━━━ Records for processing ━━━

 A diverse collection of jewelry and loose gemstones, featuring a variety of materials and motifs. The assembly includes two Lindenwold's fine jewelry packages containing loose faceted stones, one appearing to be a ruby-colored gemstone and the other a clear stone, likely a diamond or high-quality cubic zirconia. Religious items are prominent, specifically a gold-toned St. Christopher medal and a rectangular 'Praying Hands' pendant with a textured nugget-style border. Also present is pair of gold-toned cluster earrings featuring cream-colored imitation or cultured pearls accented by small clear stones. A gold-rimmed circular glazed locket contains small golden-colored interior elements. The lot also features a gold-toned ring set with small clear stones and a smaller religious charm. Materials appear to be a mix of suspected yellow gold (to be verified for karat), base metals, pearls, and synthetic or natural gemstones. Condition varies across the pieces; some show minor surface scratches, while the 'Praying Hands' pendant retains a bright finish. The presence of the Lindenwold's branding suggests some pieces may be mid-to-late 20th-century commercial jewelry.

━━━
━━━ Records for processing ━━━

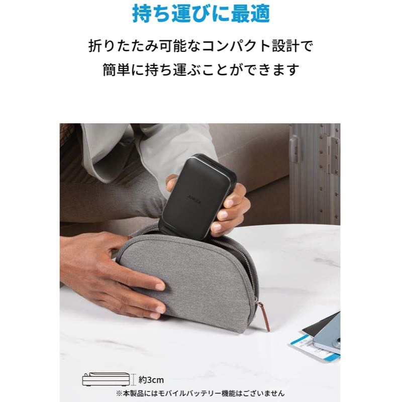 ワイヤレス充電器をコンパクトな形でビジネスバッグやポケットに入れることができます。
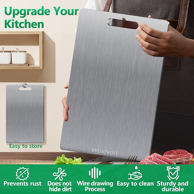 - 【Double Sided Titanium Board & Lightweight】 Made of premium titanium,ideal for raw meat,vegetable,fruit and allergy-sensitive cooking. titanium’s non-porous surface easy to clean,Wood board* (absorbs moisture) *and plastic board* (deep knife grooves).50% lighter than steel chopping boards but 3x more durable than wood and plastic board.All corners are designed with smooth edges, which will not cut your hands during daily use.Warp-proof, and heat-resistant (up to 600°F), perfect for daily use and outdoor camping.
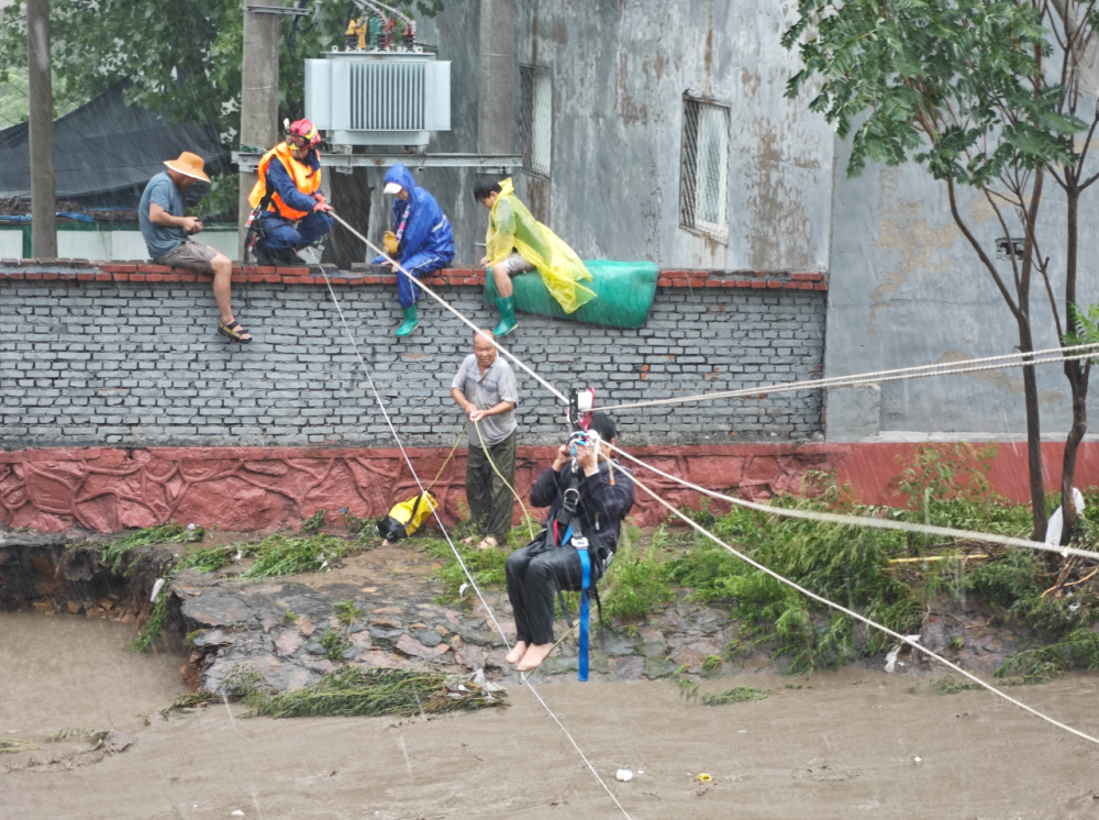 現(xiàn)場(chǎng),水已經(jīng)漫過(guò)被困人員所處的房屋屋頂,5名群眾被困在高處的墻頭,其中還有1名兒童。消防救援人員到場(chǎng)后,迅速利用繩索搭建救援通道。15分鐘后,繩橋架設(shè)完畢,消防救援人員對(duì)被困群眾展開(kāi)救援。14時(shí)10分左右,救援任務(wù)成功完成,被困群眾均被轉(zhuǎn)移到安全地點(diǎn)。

━━━

> _Required action_: Look above for the line with "ワイヤレス充電器をコンパクト"; quote it and every line after it, stopping after the line with "- 【Double Sided", exactly, with nothing added and without pictures.

> _Response_:
 ワイヤレス充電器をコンパクトな形でビジネスバッグやポケットに入れることができます。
 - 【Double Sided Titanium Board & Lightweight】 Made of premium titanium,ideal for raw meat,vegetable,fruit and allergy-sensitive cooking. titanium’s non-porous surface easy to clean,Wood board* (absorbs moisture) *and plastic board* (deep knife grooves).50% lighter than steel chopping boards but 3x more durable than wood and plastic board.All corners are designed with smooth edges, which will not cut your hands during daily use.Warp-proof, and heat-resistant (up to 600°F), perfect for daily use and outdoor camping.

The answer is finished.